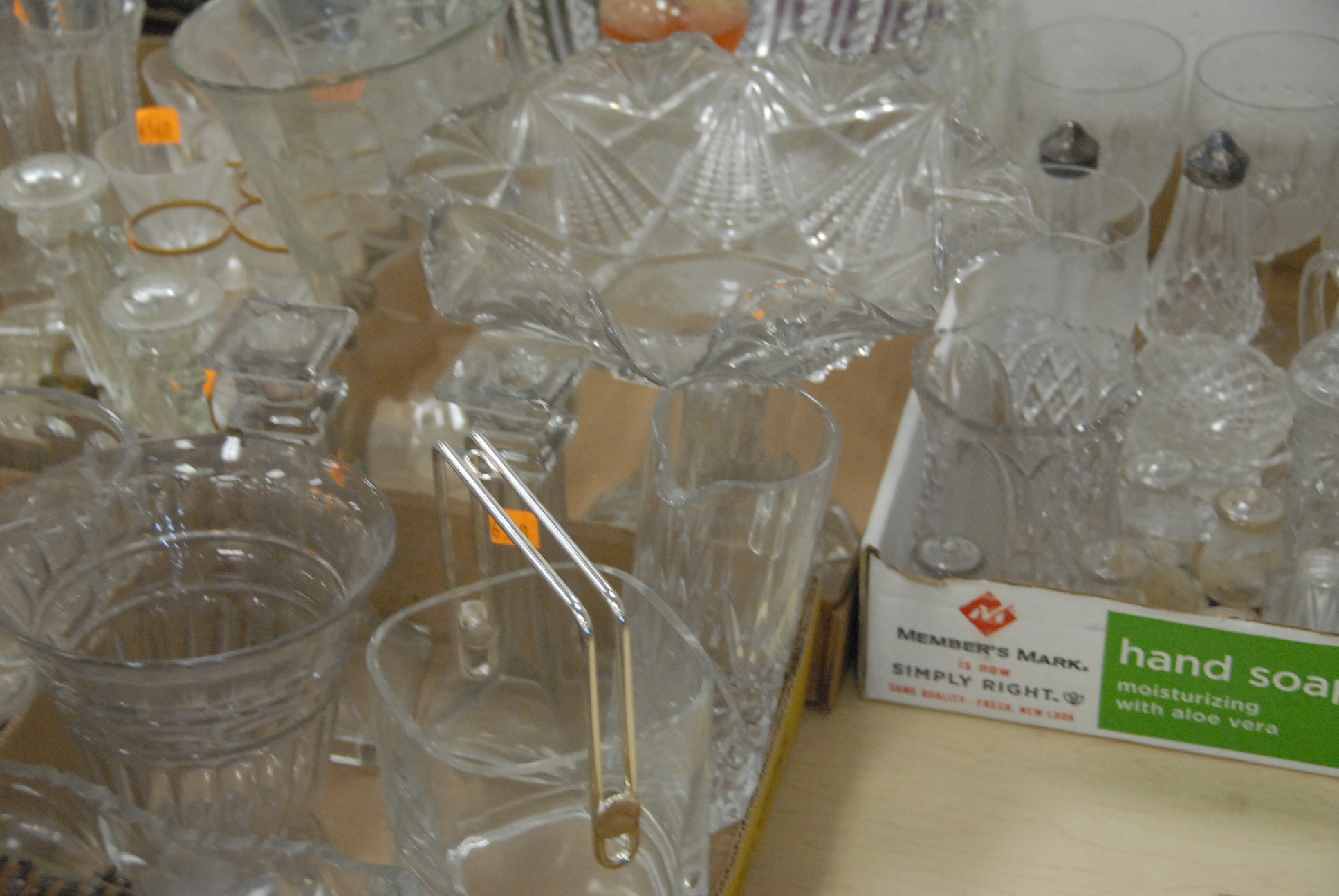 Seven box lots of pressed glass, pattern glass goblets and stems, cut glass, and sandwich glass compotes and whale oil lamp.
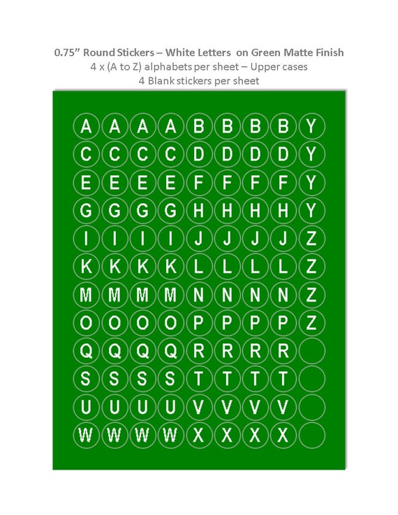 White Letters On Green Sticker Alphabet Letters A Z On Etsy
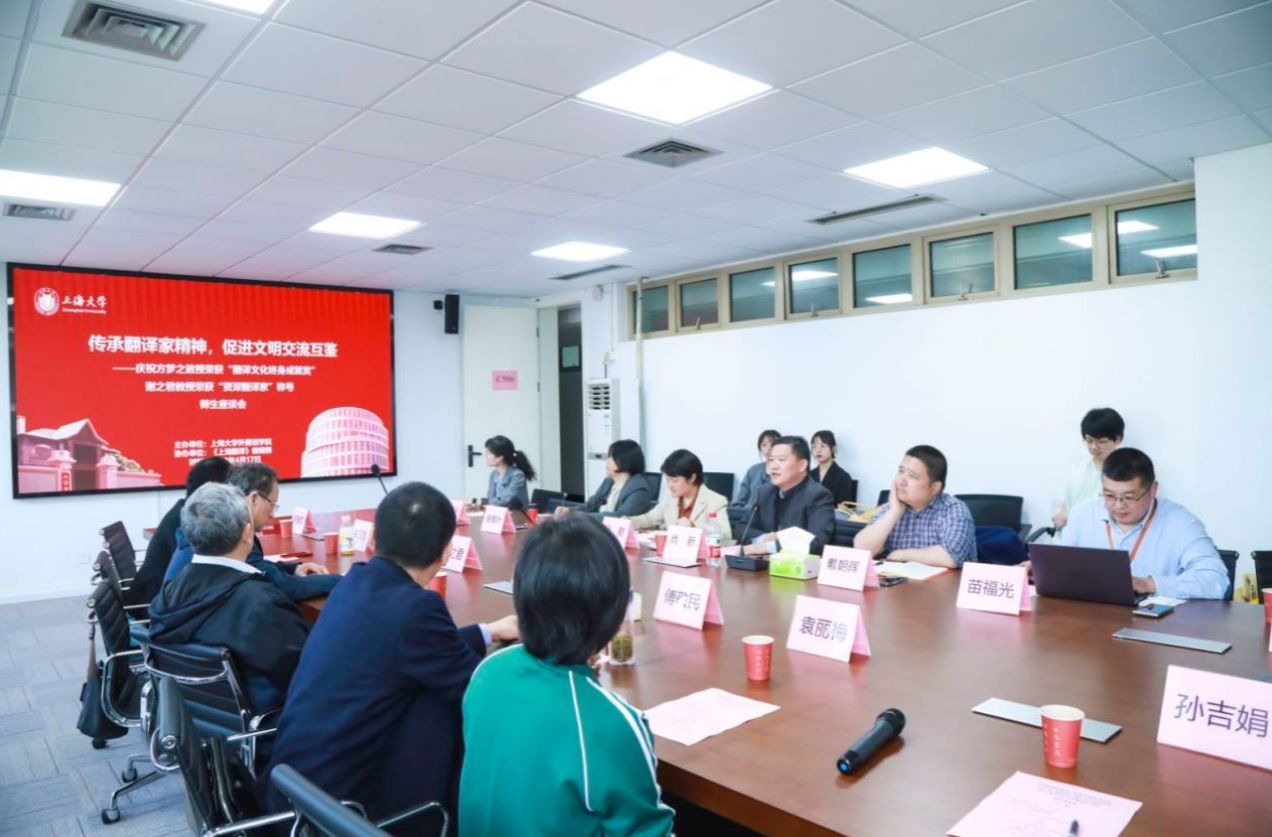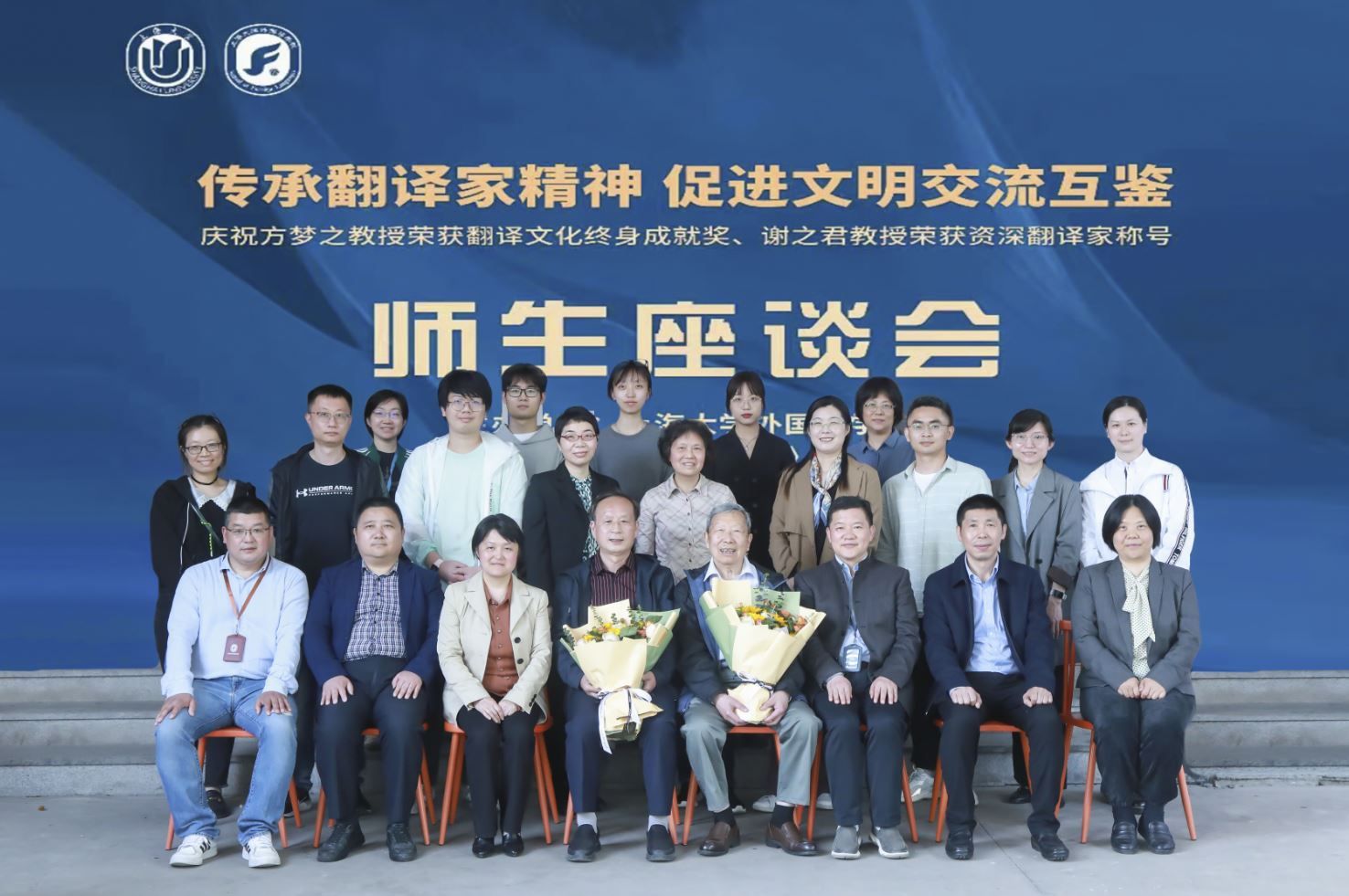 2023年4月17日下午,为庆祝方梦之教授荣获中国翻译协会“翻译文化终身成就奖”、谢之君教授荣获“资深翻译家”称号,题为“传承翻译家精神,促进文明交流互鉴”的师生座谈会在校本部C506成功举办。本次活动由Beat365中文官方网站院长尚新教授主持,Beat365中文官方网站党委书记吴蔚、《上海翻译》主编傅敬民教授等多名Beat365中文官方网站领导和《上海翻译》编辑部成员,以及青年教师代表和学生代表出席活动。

==

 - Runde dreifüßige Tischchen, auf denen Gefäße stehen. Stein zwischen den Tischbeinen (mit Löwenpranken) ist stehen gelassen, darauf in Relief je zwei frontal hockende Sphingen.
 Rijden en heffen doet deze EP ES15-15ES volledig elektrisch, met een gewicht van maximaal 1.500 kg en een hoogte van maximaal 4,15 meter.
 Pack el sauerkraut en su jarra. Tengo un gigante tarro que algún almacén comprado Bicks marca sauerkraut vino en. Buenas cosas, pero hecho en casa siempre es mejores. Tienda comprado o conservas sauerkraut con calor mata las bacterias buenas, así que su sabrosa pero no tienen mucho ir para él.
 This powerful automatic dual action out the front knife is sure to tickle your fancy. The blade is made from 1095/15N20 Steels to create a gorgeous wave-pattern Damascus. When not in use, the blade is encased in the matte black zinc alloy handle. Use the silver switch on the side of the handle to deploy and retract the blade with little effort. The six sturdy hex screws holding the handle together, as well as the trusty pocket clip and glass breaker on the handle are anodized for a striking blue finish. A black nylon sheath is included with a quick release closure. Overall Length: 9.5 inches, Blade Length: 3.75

...

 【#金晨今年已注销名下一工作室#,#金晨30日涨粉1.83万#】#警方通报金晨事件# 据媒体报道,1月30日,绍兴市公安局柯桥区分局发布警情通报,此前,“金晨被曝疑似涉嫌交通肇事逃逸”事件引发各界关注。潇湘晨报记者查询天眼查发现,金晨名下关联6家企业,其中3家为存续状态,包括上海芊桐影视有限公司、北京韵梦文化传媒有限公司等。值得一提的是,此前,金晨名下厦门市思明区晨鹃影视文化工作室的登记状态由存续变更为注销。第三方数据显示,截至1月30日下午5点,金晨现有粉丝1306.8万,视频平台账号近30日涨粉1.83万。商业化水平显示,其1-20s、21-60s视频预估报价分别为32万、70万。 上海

▶ _Work instruction_:
Repeat, without pictures, exactly the lines of the data above from the one containing "White Letters On" through the one containing "2023年4月17日下午,为", including both and adding nothing.

▶ _Response to the exercise_:
 White Letters On Green Sticker Alphabet Letters A Z On Etsy
 2023年4月17日下午,为庆祝方梦之教授荣获中国翻译协会“翻译文化终身成就奖”、谢之君教授荣获“资深翻译家”称号,题为“传承翻译家精神,促进文明交流互鉴”的师生座谈会在校本部C506成功举办。本次活动由Beat365中文官方网站院长尚新教授主持,Beat365中文官方网站党委书记吴蔚、《上海翻译》主编傅敬民教授等多名Beat365中文官方网站领导和《上海翻译》编辑部成员,以及青年教师代表和学生代表出席活动。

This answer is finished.